Here is the function information for solving ode *diffs* . In principle, the question arises

### And why do we need Julia?

... if so there are such wonderful things as Scilab, Octave and Numpy, Scipy?

About the last two I will not say - did not try. And in general, the question is difficult, so let's estimate it:

**Scilab**

On hard will take a little more than 500 MB, it starts quickly and immediately available and the difrosciting, and graphics and everything else. Good for beginners: an excellent guide (mostly localized), there are many books in Russian. About internal errors have already been said here and here , and since the product is very niche, the community is sluggish, and the additional modules are very scarce.

**Julia**

As you add packages (especially every kind of pitons a la Jupyter and Mathplotlib) it grows from 376 MB to quite six plus gigabytes. She also does not spare the operative: at the start of 132 MB, and after filling in the schedules in Jupiter, it will calmly reach 1 GB. If you work in **Juno** , then everything is almost like in *Scilab* : you can execute the code immediately in the interpreter, you can print in the built-in notepad and save as a file, there is a variable browser, command log and online help. Personally, I am indignant at the absence of clear () , that is, I launched the code, then began to correct and rename there, and the old variables remained (there is no variable browser in Jupiter).
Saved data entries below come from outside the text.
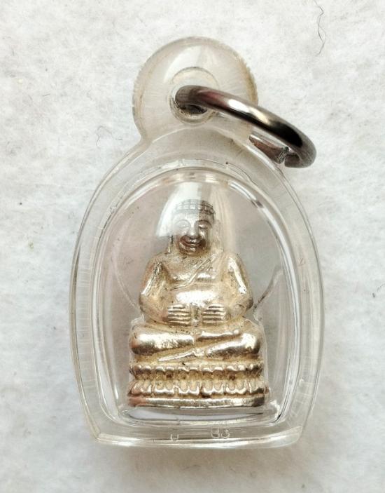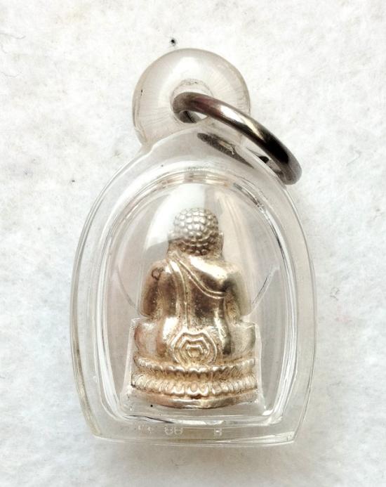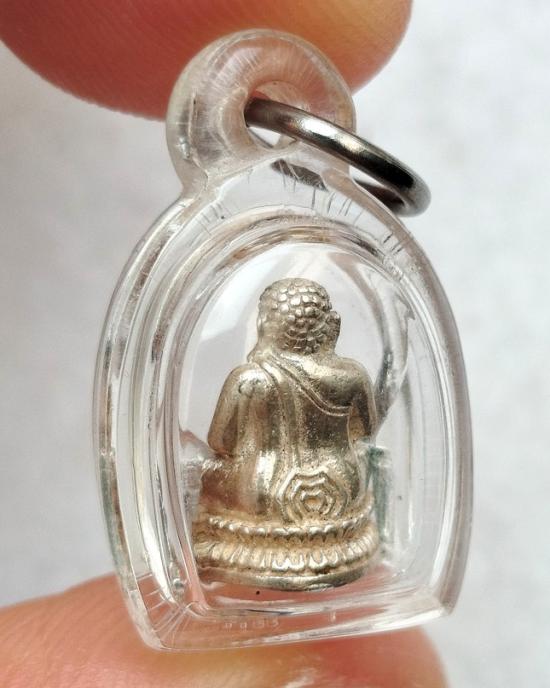 พระสังกัจจายน์เนื้อเงิน วัดบางพลีใหญ่ใน สมุทรปราการ พิมพ์เล็กมีกริ่ง ปี2531 พร้อมเลี่ยม |
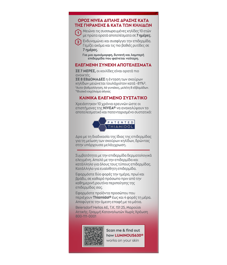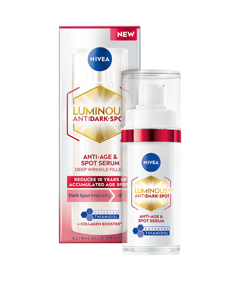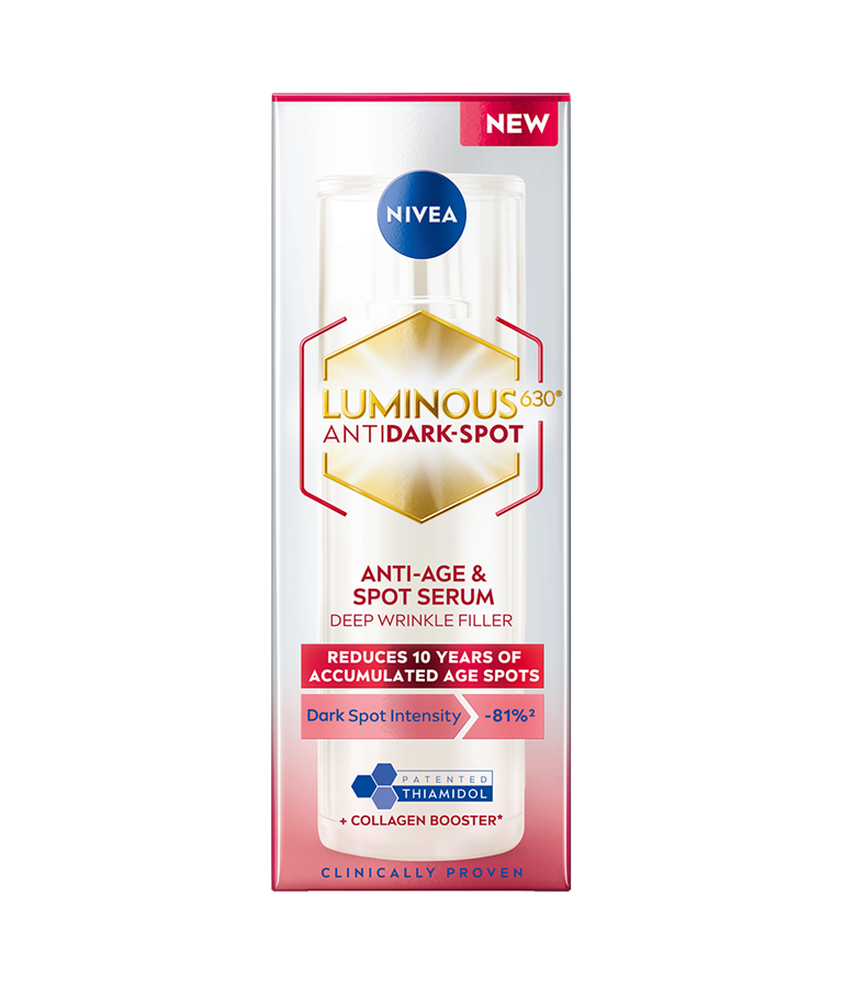 Μείωσε έως και 10 χρόνια σημαδιών γήρανσης με τον NIVEA Cellular Luminous630 Anti Age Ορό Κατά των Κηλίδων. Συσφίγγει, πυκνώνει και ενδυναμώνει τη δομή της επιδερμίδας. Γεμίζει ακόμη και τις βαθειές ρυτίδες σε 7 ημέρες.
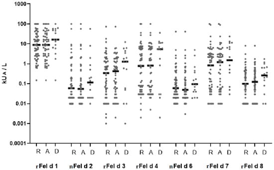 IgE levels (y-axis: sensitization, measured in kUA/L; median IgE levels are indicated by horizontal bars) specific to cat allergen molecules (Fel d 1–Fel d 8) in patients with different symptoms of cat allergy (R: rhinitis; A: asthma; D: dermatitis).
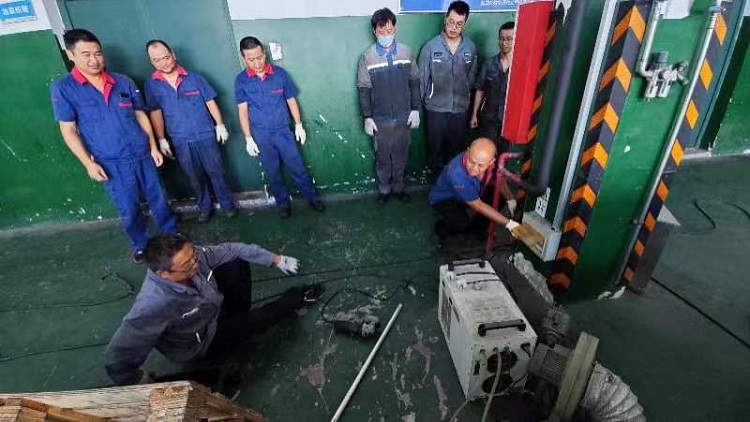 修理公司开展车间触电事故应急演练
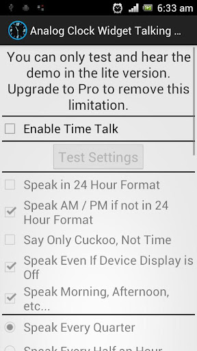 This widget is the lite version of our free Analog Clock Widget Talking Pro. It has the feature of saying the time, along with the cuckoo effect. Our Lite version allows you to preview the feature only i.e. just testing how it sounds. The Pro version has the feature of saying the time at regular intervals plus on tapping the widget also.
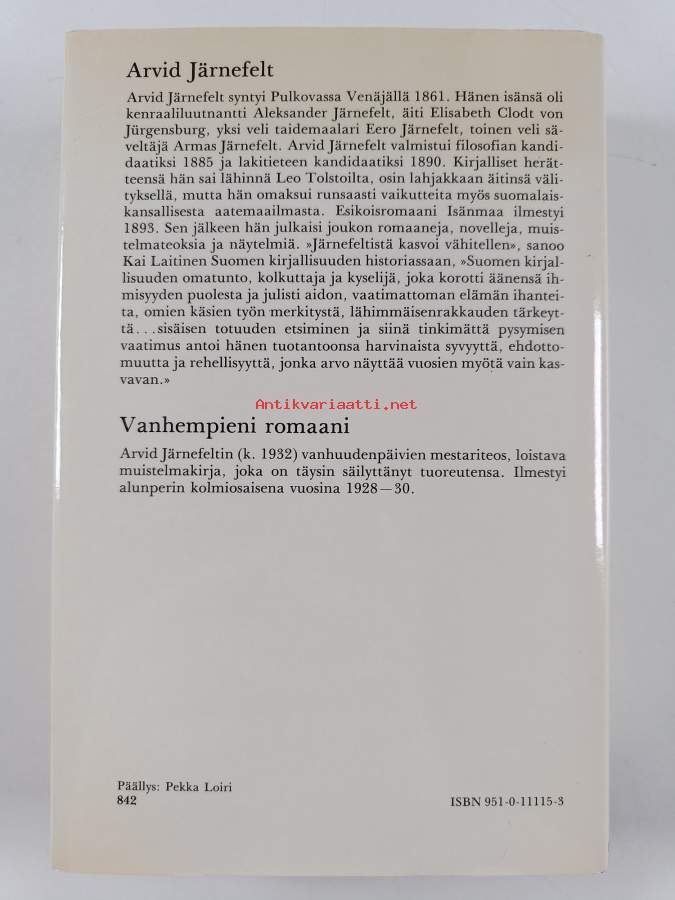 Arvid Järnefelt - Valitut teokset, 1953. Isänmaa/Elämän meri/Maaemon lapsia/Greeta ja hänen Herransa/Vanhempieni romaani -neljä lukua
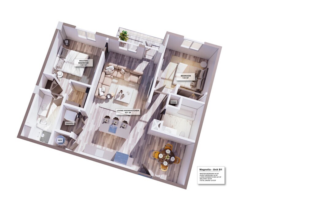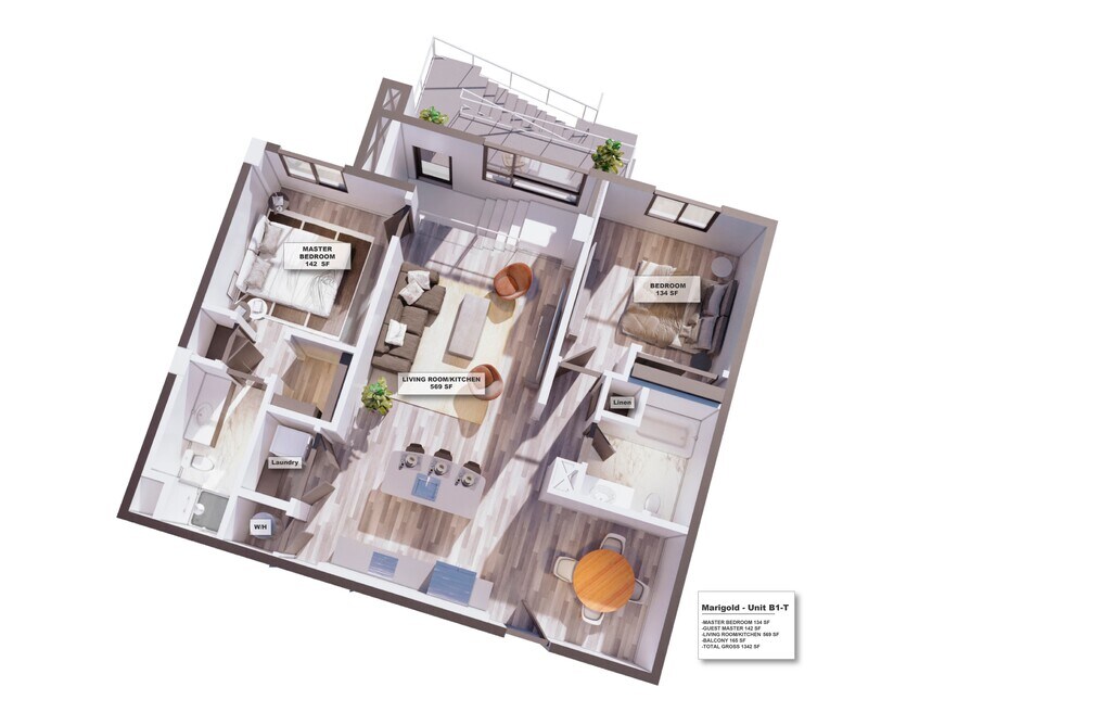 1 Bed, 1 Bath, 753 sq ftModel Gallery
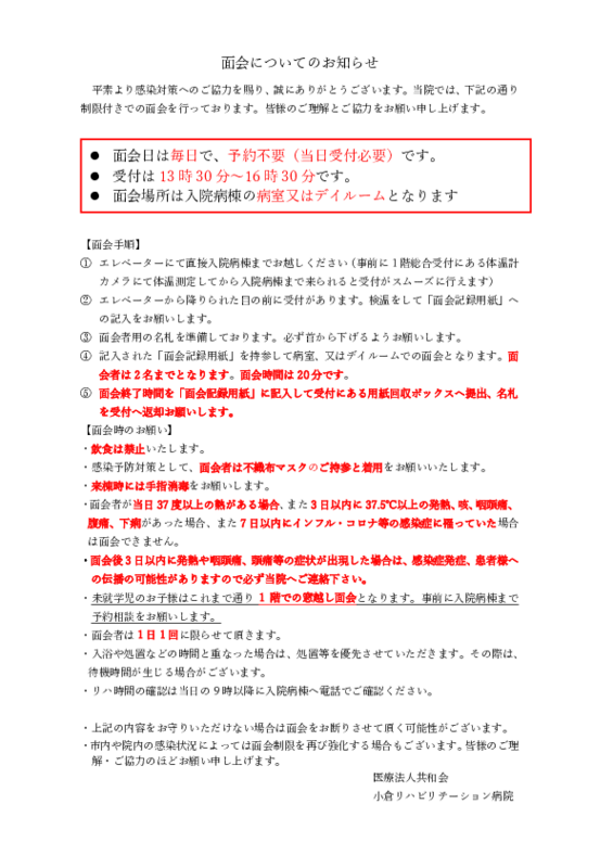 面会手順やお願い事項等を以下に掲載しておりますので、必ずご確認をお願いいたします。
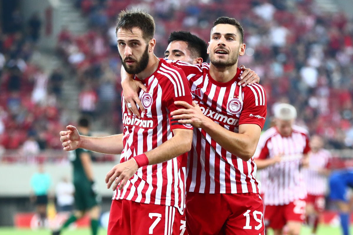 Φορτούνης και Μασούρας πανηγυρίζουν γκολ στο Ολυμπιακός - Λαμία
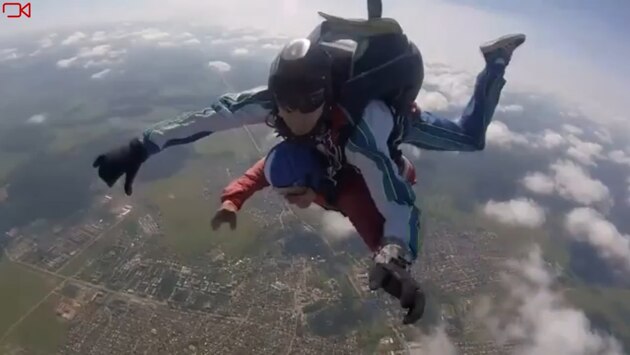 63-летняя жительница Дзержинска, с детства прикованная к инвалидному креслу, прыгнула с парашютом

But all this is not critical. Scilab fits perfectly on the first couple, making a lab, curving or counting something intermediate is a very useful tool. Although here, too, there is support for parallel computing and calling of sish / Fortran functions, for which it cannot be used seriously. Large arrays plunge it into horror, to set multidimensional, you have to do all sorts of obscurantism , and calculations beyond the framework of classical problems may well drop everything along with the operating system.

And after all these pains and disappointments, you can safely switch to *Julia* , in order to get more here. We will continue to learn, the benefit of the community is very responsive, problems get shaken quickly, and Julia has many interesting features that will make the learning process a fascinating journey!